The recent description of acute-on-chronic liver failure (ACLF) has sparked worldwide interest in decompensated cirrhosis, leading to an explosion of both clinical research and research into the pathophysiologic basis of its manifestations. The hypothesis that systemic inflammation may underlie the pathophysiology of decompensated cirrhosis coupled with portal hypertension and metabolic dysfunction has democratised cirrhosis, which up until recently was the domain of hepatologists, with investigators from many different fields starting to address this problem. This intense research has led to a plethora of publications that are beginning to re-define cirrhosis in all its domains.
Therefore, this supplement – organised by Journal of Hepatology – is very timely.

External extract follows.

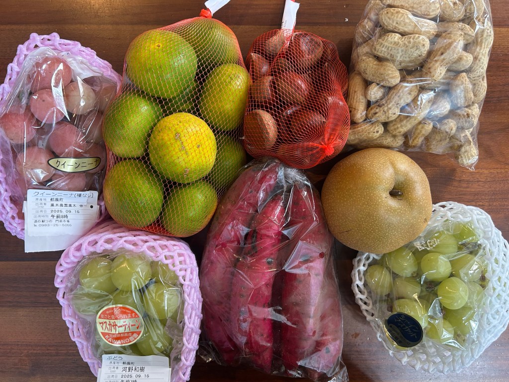 実家やらご近所さんから秋の味覚のお裾分けをたくさんいただきました✨🍇

Its main focus is to critically assess the latest concepts and literature in the field of decompensated cirrhosis, illustrating how our understanding of the syndrome is changing from traditional concepts and discussing the implications of these changes on clinical practice, and the development of biomarkers, devices and drugs.
In keeping with the tradition of the Journal of Hepatology’s special issues and supplements, each article is written by multiple authors, all of whom are experts in the field, often with differing views on the subject being discussed. Each of the chapters will also describe areas of unmet need and important future research questions.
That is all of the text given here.